Head of the Staatskanzlei des Landes Nordrhein-Westfalen [de]
- In office 4 June 1975 – 4 June 1980

Personal details
- Born: 1 June 1927 Aurich, Germany
- Died: 20 June 2021 (aged 94) Werder, Germany
- Party: SPD

= Herbert Schnoor =

German politician and lawyer (1927–2021)

Herbert Schnoor (1 June 1927 – 20 June 2021) was a German politician and lawyer.

==Biography==
Schnoor was born in Aurich on 1 June 1927. In 1944, he was conscripted into the Reich Labour Service before a brief stint in the military in World War II. After the war, he studied law, earning his doctorate in 1959. He began working in the government of North Rhine-Westphalia in the Ministry of Land and the Ministry of Culture. He also spent a brief time in the Federal Ministry of Health. For one year, he was director of personnel in North Rhine-Westphalia's Ministry of the Interior.

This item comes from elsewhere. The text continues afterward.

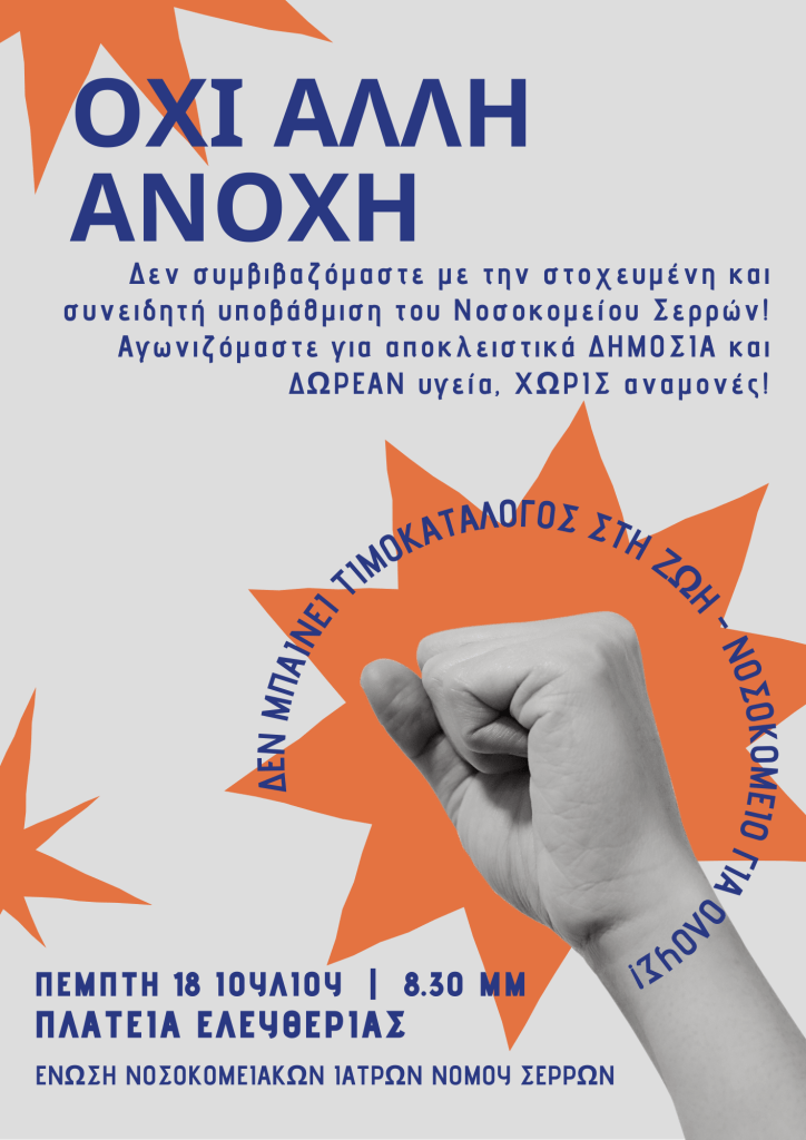 ΕΝΙΝΣ Ανακοίνωση – Κάλεσμα κινητοποίησης για το Νοσοκομείο Σερρών την Πέμπτη 18 Ιουλίου
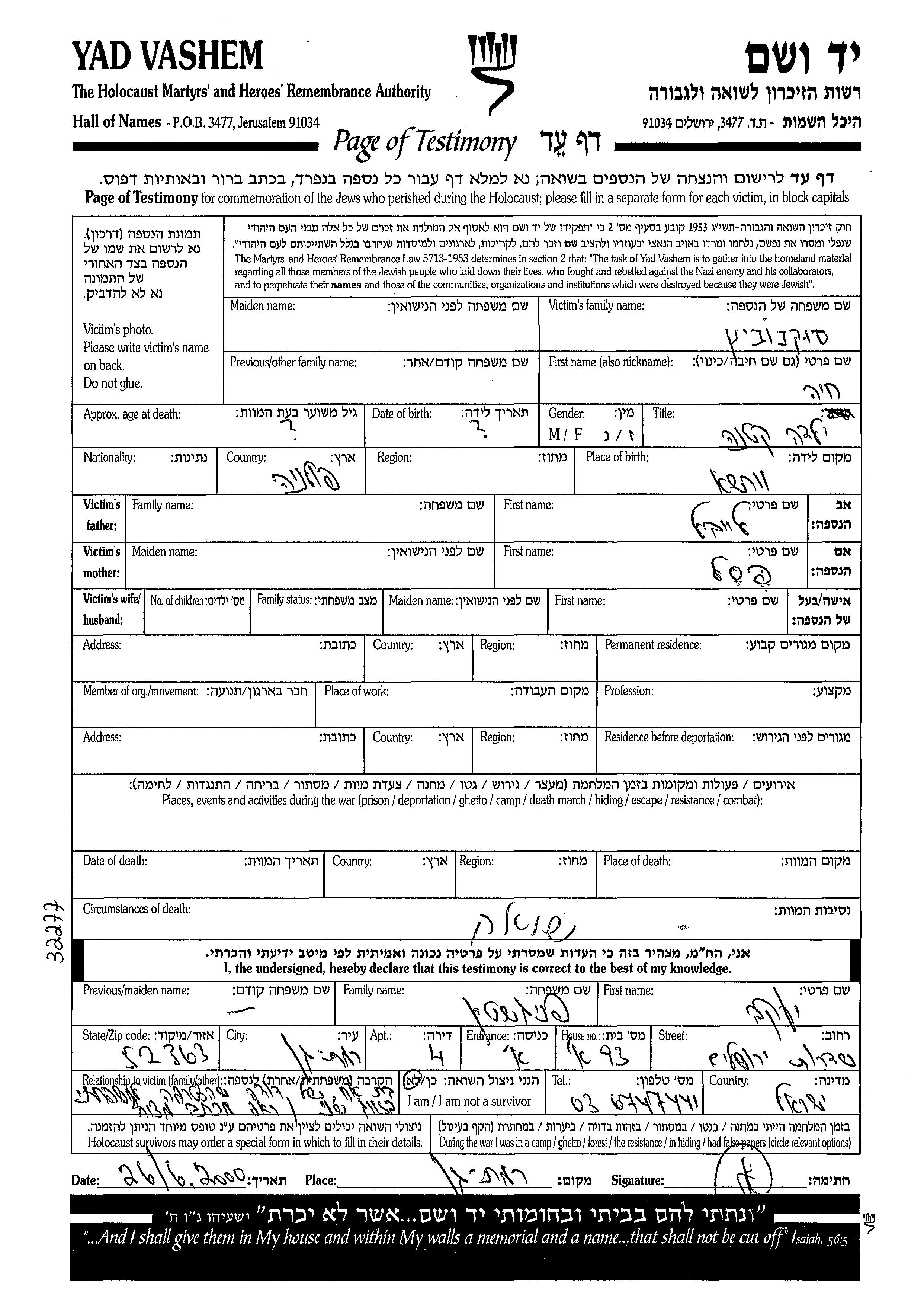 סוקנוביץ חיה מקום לא רשום, דף-עד

Schnoor joined the Social Democratic Party of Germany (SPD) in 1965. He was appointed State Secretary for Science and Research of North Rhine-Westphalia in 1970 by Heinz Kühn. Five years later, he was appointed head of the Staatskanzlei des Landes Nordrhein-Westfalen. Following SPD victories in the region in 1980, he succeeded Burkhard Hirsch to become Minister of the Interior. During his tenure, he followed moderate policies and rejected the use of force. In doing so, he allocated political popularity for himself and became one of the most energetic members in the cabinet of Minister-President Johannes Rau. However, he was criticized for his response to violence which occurred during a visit by United States President George H. W. Bush. He also drew backlash for his handling of the Gladbeck hostage crisis, when he did not use anti-terrorist resources available to him and delayed police deployment. In February 1989, at the request of the Christian Democratic Union of Germany, he appeared before a parliamentary commission in Düsseldorf regarding the case. However, he retained his position until July 1995. He was notably welcoming of Yazidis into North Rhine-Westphalia and traveled to Turkey in 1989 to give a report on the minority's persecution.

Following his resignation, Schnoor worked as a lawyer. He died on 20 June 2021 at the age of 94.

==Distinctions==
- Gustav-Heinemann-Bürgerpreis (1989)
- Order of Merit of North Rhine-Westphalia (1997)
- Order of Merit of Brandenburg (2010)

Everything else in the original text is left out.